Were they worried that the Chief Minister would breathe too much of fresh air, which he was unaccustomed to? I told him that he was standing beside the world’s largest and most efficient municipal wastewater treatment plant that works on solar energy and relies upon the community knowledge of a natural biological reactor. I was not lying. In 2017, on World Water Day, the ecosystem was flagged as the most outstanding wetland treating domestic wastewater at the behest of a uniquely informed wetland community.

Today, I need to add that the wetland acts as a carbon sink, a term not then mandated by the climate connoisseurs who dictate suitable terminology to fashion the meta narratives. These are now compulsory in the development caricature of the branded do-gooders. who can be shrugged off. But what hurts is Kolkata’s lack of concern. Few cities in the world have been as well served by a wetlands ecosystem as has been Kolkata.

The just concluded annual Durgotsav celebrations showcased Bengal’s unique attractions through a festival that signifies triumph of good over evil. The decor brings out outstanding creativity of its people in a manner that no other place in the world does. The themes are quite unbelievable, drawn from history, livelihood displays, traditional expression of rural life and outstanding environmental messages apart from themes based on events in other parts of the world. Unsurprisingly, there has never been a single theme dwelling on the model of the East Kolkata Wetlands. Out of thousands of tabloids, flexes and hoardings, not one has displayed this unique wetland practice. The bureaucracy is just as unconcerned about the ecosystem value. In the course of about a decade, I have requested at least three chief secretaries to consider putting up billboards in important places. I am waiting. The billboards advertise realty interests exclusively. There is a robust hoarding at the start of the East Kolkata Wetlands directing the visitors how to reach the Sundarbans, which is a protected area as much as the East Kolkata Wetland is.

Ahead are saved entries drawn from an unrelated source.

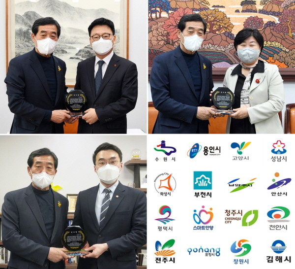 ▲ 전국대도시시장협, 지방연구원법 개정 공로 국회의원에 감사패 수여(왼쪽 상단부터 시계방향으로 윤화섭 안산시장과 박광온 의원, 서영교 의원, 김남국 의원)사진=안산시 |
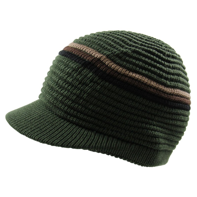 RW Knitted Cotton Rasta Skully Beanie Visor (Olive/Khaki)
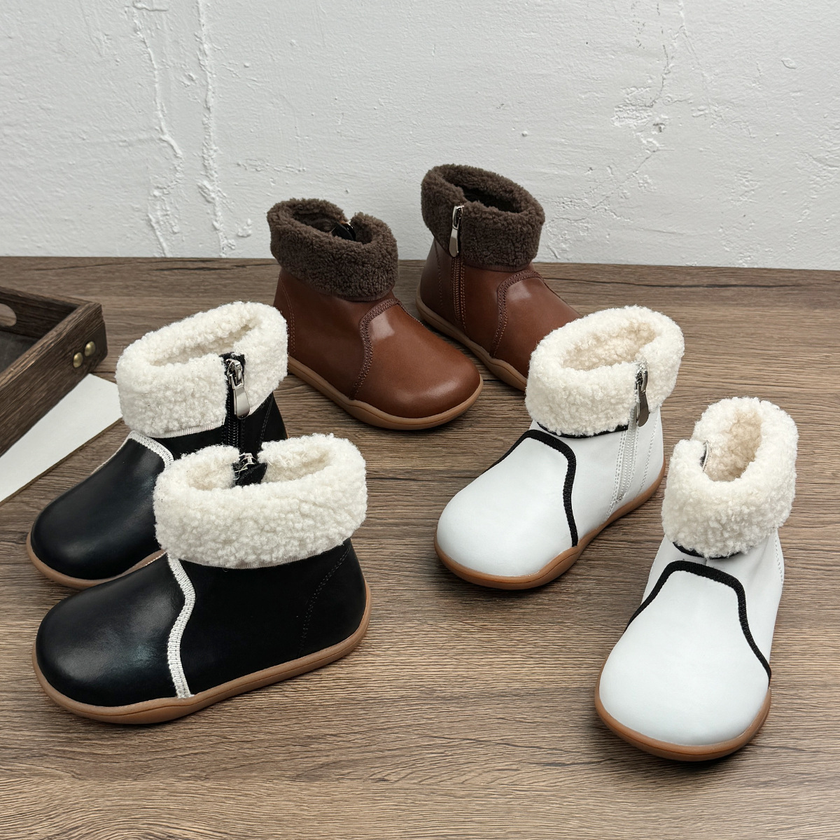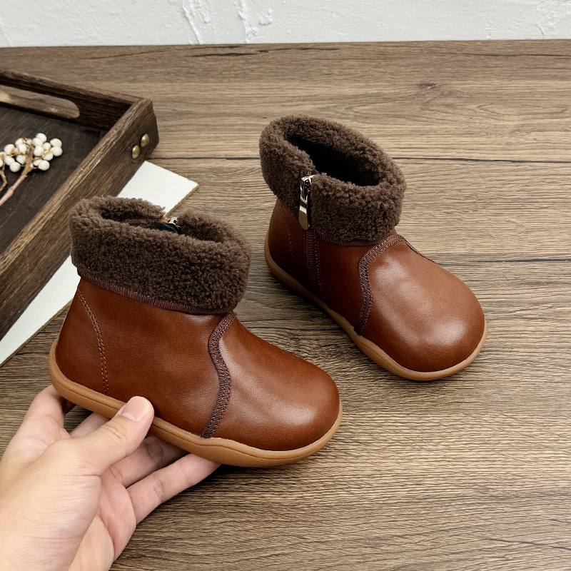 어린이 정품 가죽 짧은 부츠 소녀 부드러운 밑창 가죽 부츠 겨울 새로운 아기 간단한 올 매치 부츠 소년 마틴 부츠 가을
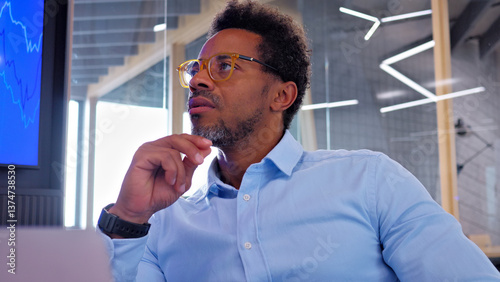 A man in a blue shirt and glasses sits in a modern office, staring at a computer screen, symbolizing focus and productivity.
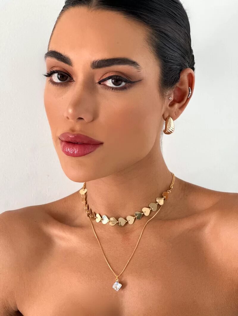 3. Colar Duplo Folheado a Ouro 18k Corações Lisos com Pedra de Zircônia
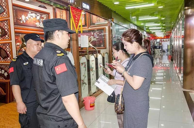 首先在陳暇總經理陪同下,劉站長對禮品城市場安全生產和消防工作進行了詳細的參觀和了解,在參觀的過程中看到巡查保安員正在對經銷商進行一對一的消防安全培訓,劉站長認真聽取了巡查保安的工作介紹。
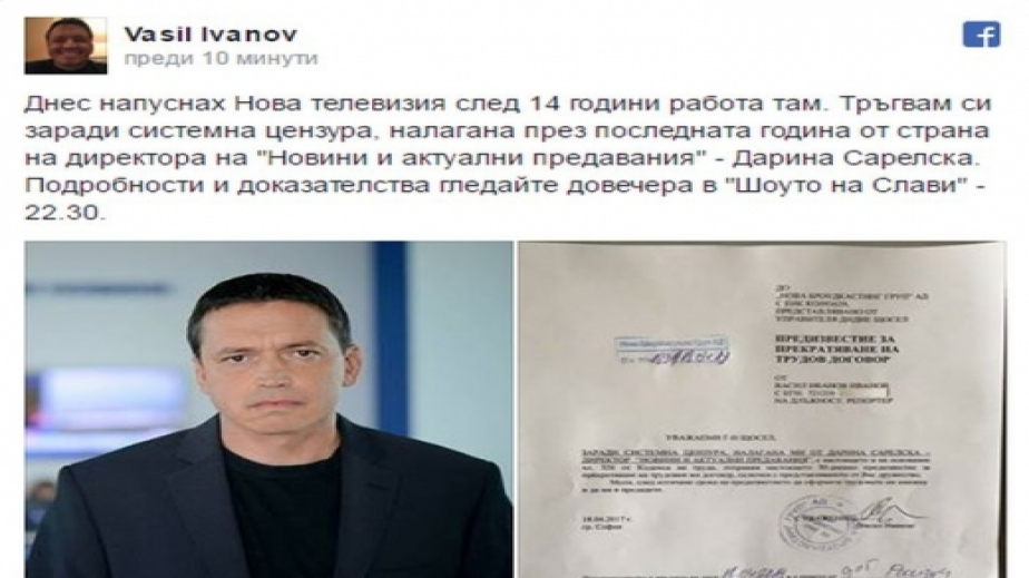 Иванов обяви решението си с пост във Фейсбук, като уточни, че напуска заради „системна цензура“, налагана от директора на „Новини и актуални предавания“ – Дарина Сарелска.
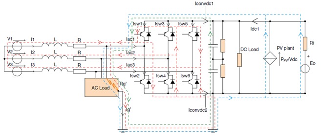 在交直流混合電網(wǎng)中直流負載側(cè),顯然普通AC型剩余電流保護器無法完成保護,需要使用DC-RCD進行直流漏電保護,然而目前直流漏電保護還并未推廣和市場化,國內(nèi)也尚無相關標準。實際上,在交直流混合微電網(wǎng)中,漏電成分是非常復雜的,我們來看下ABB對于交直流混合微電網(wǎng)中交流側(cè)接地故障的仿真模型。
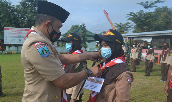 Magetan. Guna mempersiapkan generasi muda dalam melanjutkan perjuangan bangsa yang berkarakter sesuai dengan Satya Dharma Pramuka, Kodim 0804/Magetan menggelar kegiatan pengukuhan anggota baru Satuan Karya Wira Kartika.
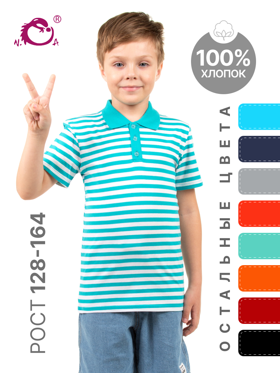 Футболка поло для мальчика с коротким рукавом выполнена из мягкого 100% хлопка КУЛИРНОГО ПОЛОТНА. Ворот с застёжкой на пуговицы.
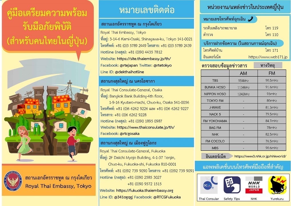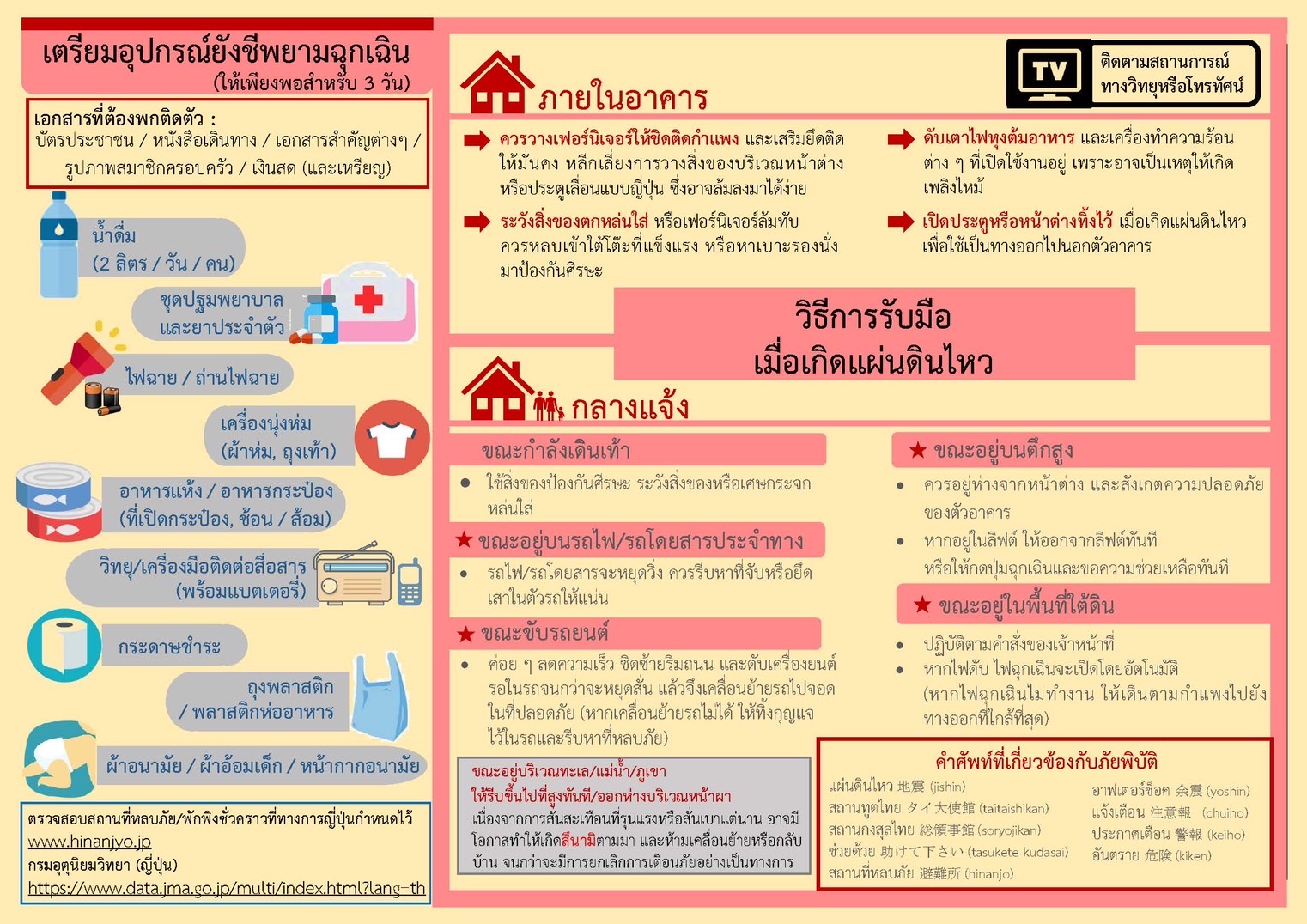 คู่มือเตรียมความพร้อมรับมือภัยพิบัติ (สำหรับคนไทยในญี่ปุ่น) จัดทำโดยสถานเอกอัครราชทูต ณ กรุงโตเกียว ปรากฏตาม
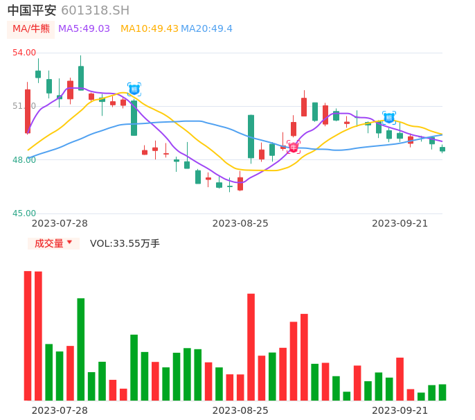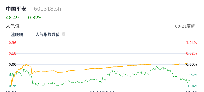 09月21日,中国平安收报48.49,股价涨幅-0.82%,成交金额16.30亿元,换手率0.31%。
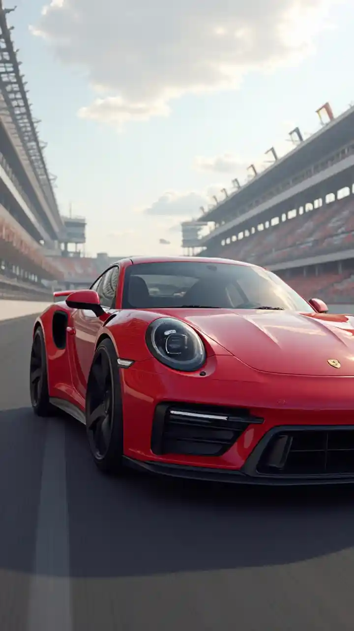 Leila2024 carmine nyekundu Porsche 911 Turbo coupe michezo gari na ukanda nyeusi na pua nyeusi na mwanga, photorealism, utoaji wa kweli, utoaji wa kompyuta, Indianapolis Motor Speed
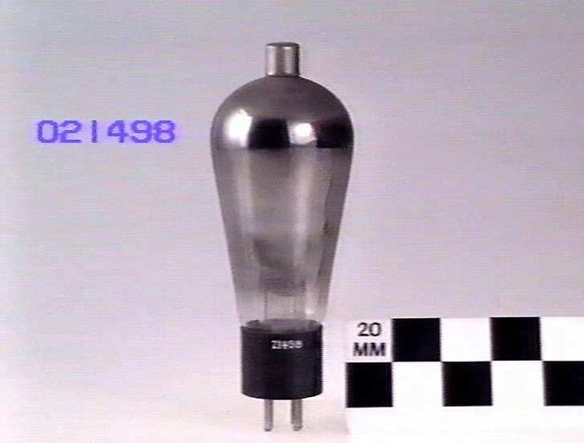 Mercury vapour rectifier designed for use as one of a pair in a full-wave rectifier for transmitters requiring up to 3 kV at up to 250 mA. 2.5 volt directly heated cathode.
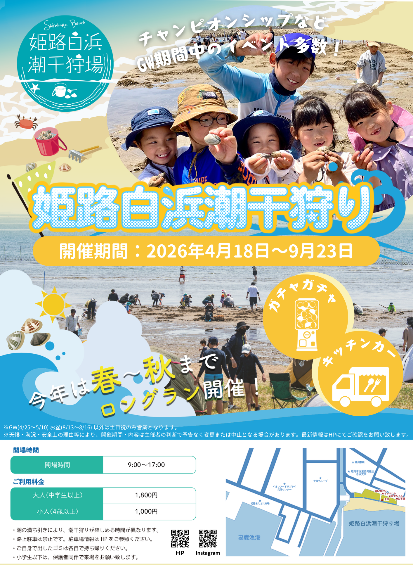 詳しくは、姫路白浜潮干狩場のホームページ別ウィンドウで開くをご覧ください。
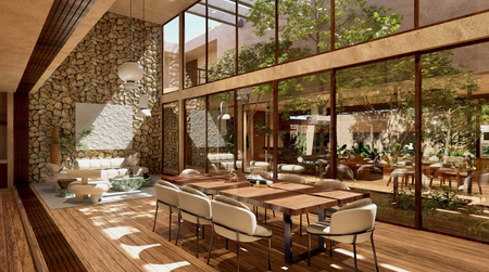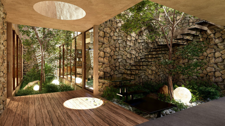 - Andador lineal que conecta cada sección de la propiedad acompañado de un jardín paralelo.
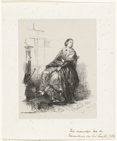 Reinier Craeyvanger made this print, "Seamstress and Violin Player," using etching, a printmaking technique, around the mid-19th century. Etching involves coating a metal plate with a waxy, acid-resistant substance, then scratching an image into the wax. When acid is applied, it bites into the exposed metal, creating lines that hold ink. The printmaker then applies ink, wipes the surface clean, and presses paper against the plate to transfer the image. Here, the fine, closely-spaced lines evoke the textures of fabric and the soft light in the room. Note the contrast between the detailed foreground and the shadowy, indistinct figure of the musician. Craeyvanger’s choice of etching speaks to the burgeoning print culture of his time, as the industrial revolution was making images more widely accessible, but still requiring a highly skilled hand to produce. In this context, it's worth asking: Whose labor is visible, and whose is obscured? The seamstress, diligently at work, contrasts with the almost ghostlike violinist, raising questions about visibility, class, and artistic creation.

I have also met three environment ministers in the last two decades. The first proved his fealty to Karl Marx and was compulsively uncomfortable in my presence. The next two ministers were exemplary in their disposition but ministers have too many priorities and pressures to focus on nature’s bounty. This year, just after the end of Durgotsav festivities, I went to the Bantala area, the centre of activities of the hydrological system of the East Kolkata Wetlands. I noted a few changes that clearly signalled the final countdown for this decaying marvel. This time it was not just about filling up of waterbodies and yet another set of buildings coming up. This was way more lethal and being carried out by a group of people who cannot be removed.

As we have learnt to live with hawkers who own the crucial walkways, the East Kolkata Wetlands display precisely the same takeover of land by illegal units of waste conversion, essentially plastics. The entire community of these plastic recycling units are hostile outsiders to this place, have no idea, no respect, no connectivity to this wastewater treatment and recycling heritage. They have established themselves firmly around Lalkuthi siphon and Chhayanabhi crossing beyond Bantala Lock Gate area. The molten waste can now be seen flowing along the fishery canals and will finally kill the fish. They are establishing large hemispherical contraptions of about three metres in diameter, which boil leather turnings.

Liquid waste from these cauldrons will certainly add toxins to the canals reaching the fish ponds south of B.N. Dey Road (Basanti Road). This visual on the once serene Lalkuthi siphon area was so diabolic that I stood before the new landscape in disbelief. I am sure that I will be under immense pressure to visit this place again. A shuddering realisation came upon me that I have been a failed ecologist. This obscenity will continue to haunt me like a hobgoblin for many years to come.

(The writer is a UN Global 500 Laureate and the winner of the 2016 Luc Huffmann award.)